Problems with genetic testing
Genetic testing has had a lot of overmarketing — even the most obvious poster-child application in clinical medicine, setting doses of warfarin, has been disappointing in clinical trials. Here are two recent pieces you might want to read
In a New York Times story, a journalist had her DNA tested by three companies. The level of agreement was not, shall we say, ideal
After my tests had been sent, I braced myself for the revelations about my DNA. It took about two months to receive all the results, and when I did, the discrepancies were striking.
23andMe said my most elevated risks — about double the average for women of European ethnicity — were for psoriasis and rheumatoid arthritis, with my lifetime odds of getting the diseases at 20.2 percent and 8.2 percent. But according to Genetic Testing Laboratories, my lowest risks were for — you guessed it — psoriasis (2 percent) and rheumatoid arthritis (2.6 percent).
If you actually work with genome-wide disease data it’s not surprising that the predictions are neither accurate nor consistent, but that isn’t the impression the industry is promoting.
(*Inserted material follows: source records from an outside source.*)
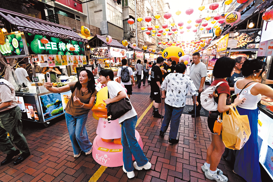 活動啟動禮昨日在三地同步舉行。其中,香港的廟街現場特別引入「B.Duck 在廟街」展覽,將傳統中式牌樓閣樓與潮流IP小黃鴨巧妙融合。遊客不僅可以細賞中華文化韻味,還能與可愛鴨仔互動打卡,增添趣味。同時,遊客可透過上線的微信小程序「暢遊深港澳通行證」,領取三地數百家商家的專屬優惠券。
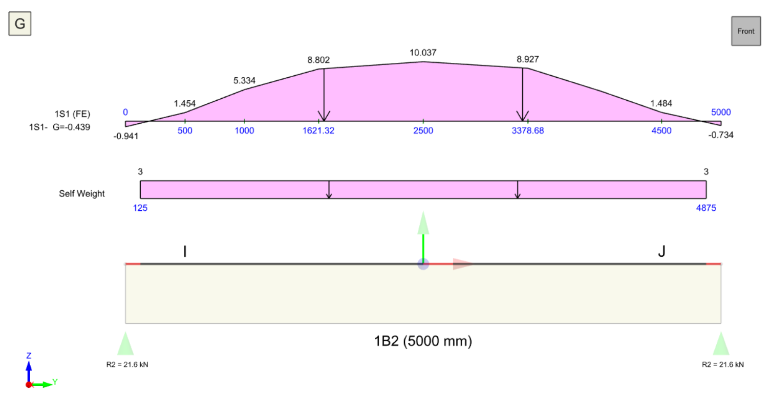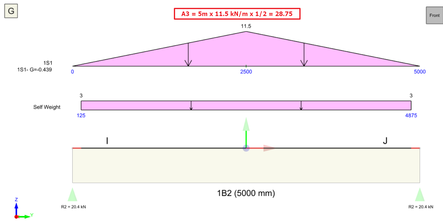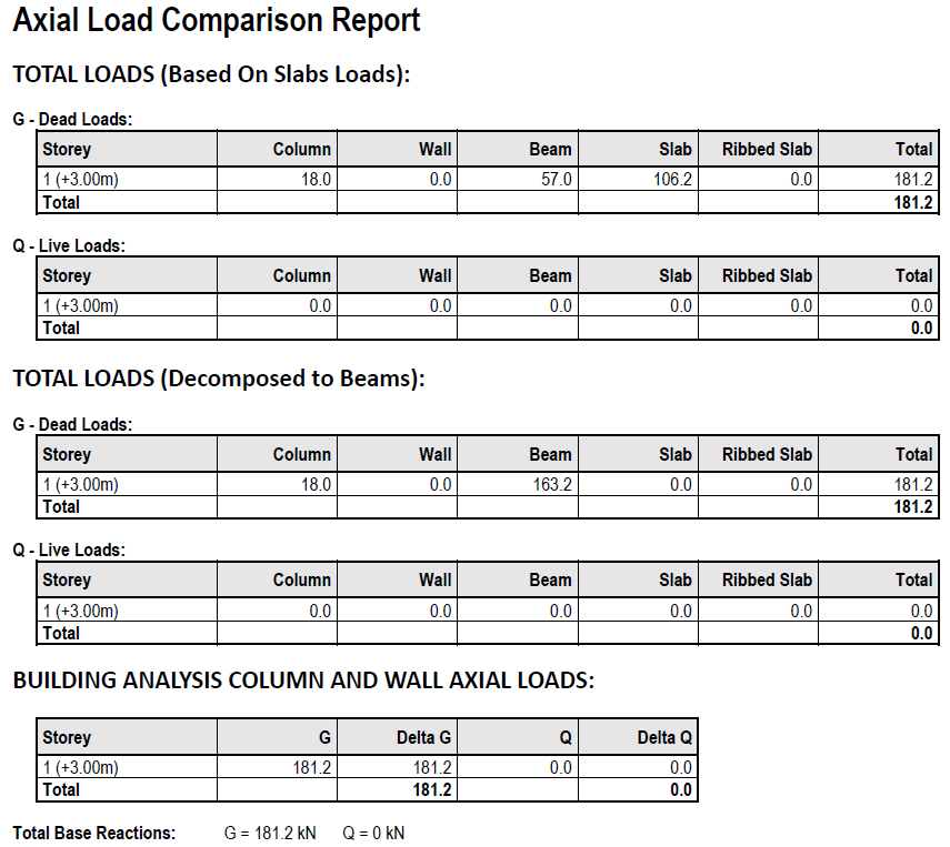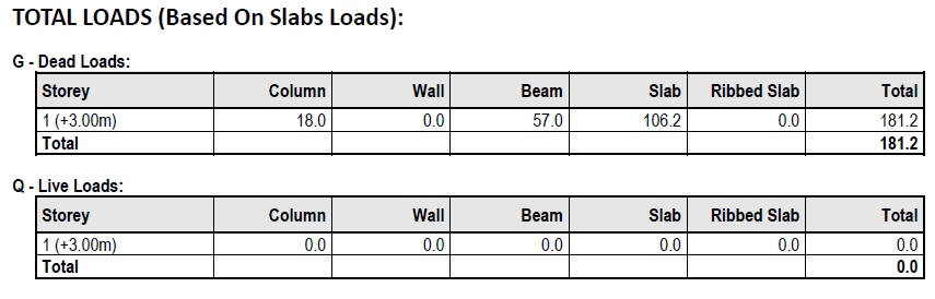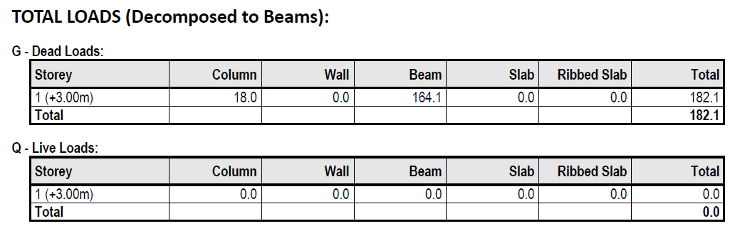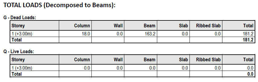 The key difference in this table is that the slab loads are now decomposed and thus counted as UDL’s, VDL’s etc. on the supporting beams. Therefore, you will find that the slab loads become zero, but the beam loads increase accordingly.
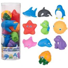 Koker met 10 vrolijke badvriendjes;Β 10 verschillende zeedieren met een vrolijk kleurtje die bij het spelen in bad water spuiten.
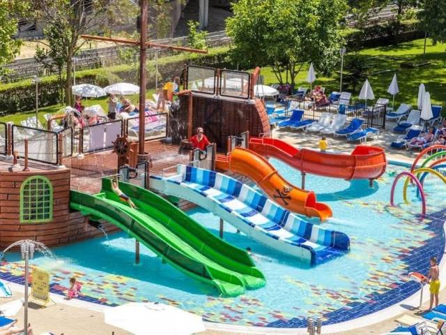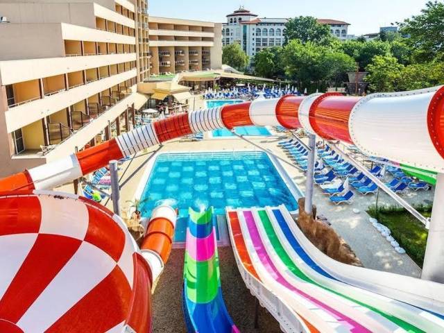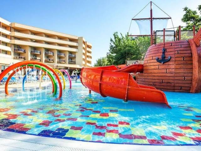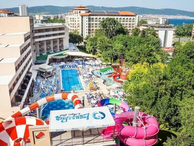 El Hotel Laguna Park and Aqua Club - All Inclusive, situado en el centro de Sunny Beach, a solo 250 metros de la playa, ofrece habitaciones con aire acondicionado y balcón y una piscina infantil con tobogán. También hay otras 2 piscinas con bares, un bar y una zona de juegos infantil con miniclub. También se proporciona acceso gratuito a un parque acuático. El Laguna Park cuenta con un restaurante principal con terraza al aire libre, varias tiendas pequeñas e instalaciones de bienestar. Para su seguridad, hay un médico residente en el Laguna.

Hilda Bastian drew this cartoon at Statistically Funny
heading a general post about the problems with early-detection programs.
There’s a general bias in favour of screening and early detection, because it seems obviously good. And, in fact, there’s a standard mathematical result that the value of information can’t be negative. But the key assumptions in this result are that you know what information you’ve got and that you can just ignore the result if you want to. It doesn’t apply to real-life medical testing.